On Tuesday, President Joe Biden made an alarmingly tone-deaf quip on Twitter, in which he suggested that there was cause to celebrate the passage of his “Inflation Reduction Act”.
The Commander in Chief was raked over the media coals for the suggestion, however, as new inflation data was released just hours later showing that our nation was still very much in the thick of a major economic crisis.
Now, to add insult to injury, reports regarding retail sales in America show that consumers are still quite timid thanks to the fiscal uncertainty that Biden’s economic policies have ushered in.
Retail sales numbers were better than expected in August as price increases across a multitude of sectors offset a considerable drop in gas station receipts, the Census Bureau reported Thursday.
Advance retail sales for the month increased 0.3% from July, better than the Dow Jones estimate for no change.

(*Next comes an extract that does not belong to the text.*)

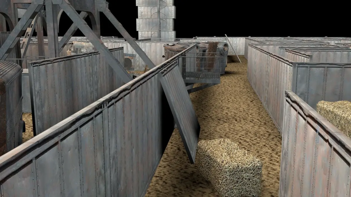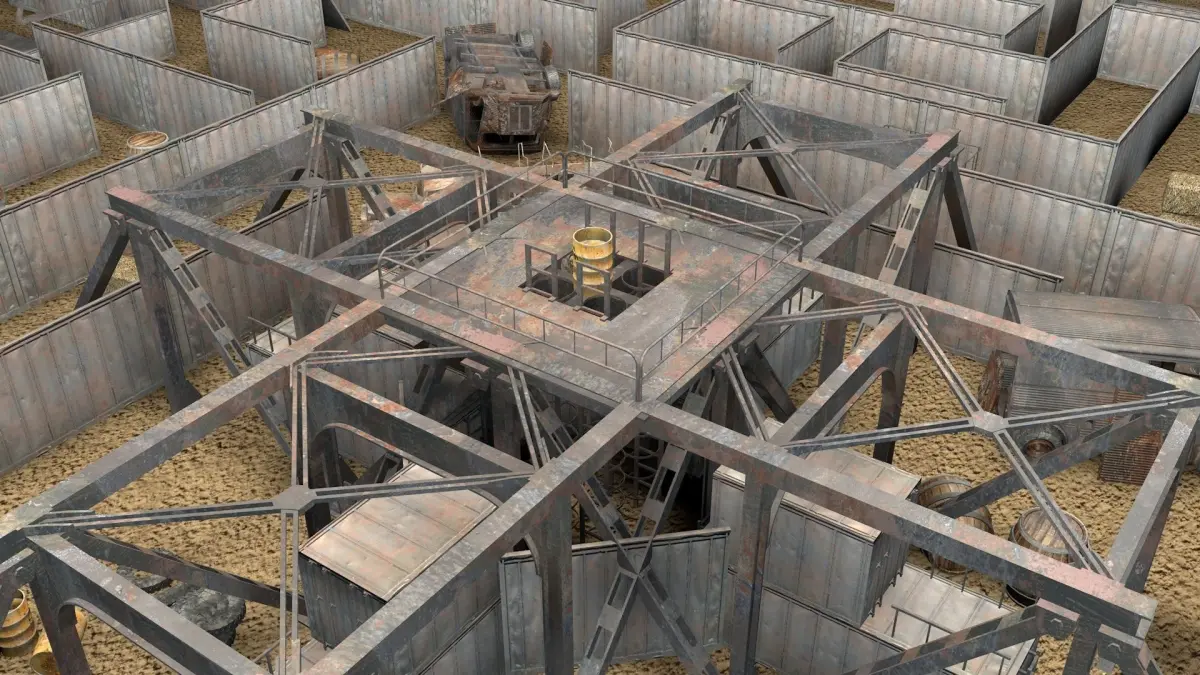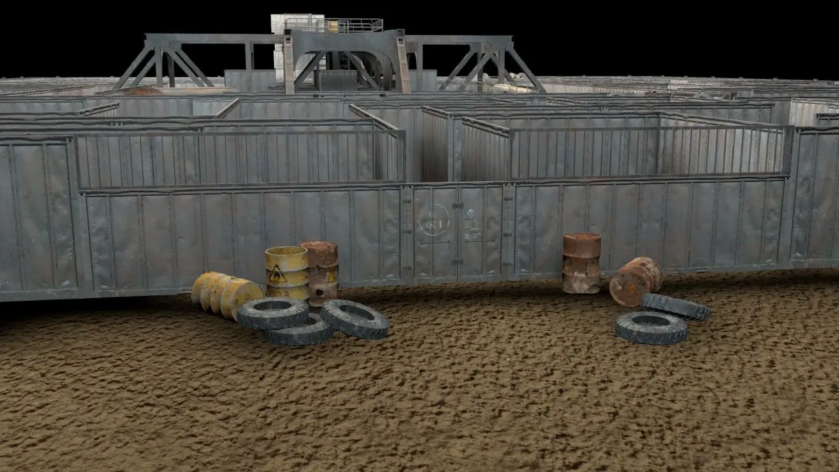 **ironmaze(DIY).RAR** has the empty maze and** individual FBX models** inside. Barrels, boxes, wrecks, palletes and other models can be placed in the empty maze. This file also needs **TEX(FBX)** folder only for textures.

The total is not adjusted for inflation, which increased 0.1% in August, suggesting that spending outpaced price increases.
Inflation as gauged by the consumer price index rose 8.3% over the past year through August, while retail sales increased 9.3%.
And while that sounds nice, the reality of the situation came with some heavy caveats.
However, excluding autos, sales decreased 0.3% for the month, below the estimate for a 0.1% increase. Excluding autos and gas, sales rose 0.3%.
Sales at motor vehicle and parts dealers led all categories, rising 2.8%, helping to offset the 4.2% decline in gas stations, whose receipts tumbled as prices fell sharply. Online sales also decreased 0.7%, while bar and restaurant sales rose 1.1%.
Revisions to the July numbers pointed to further consumer struggles, with the initially reported unchanged but to a decline of 0.4%.
The inflationary environment of the United States has seen the CPI on food rise to its highest level since 1979, as other indexes of inflation continue to suggest that we are in historically-poor territory as well.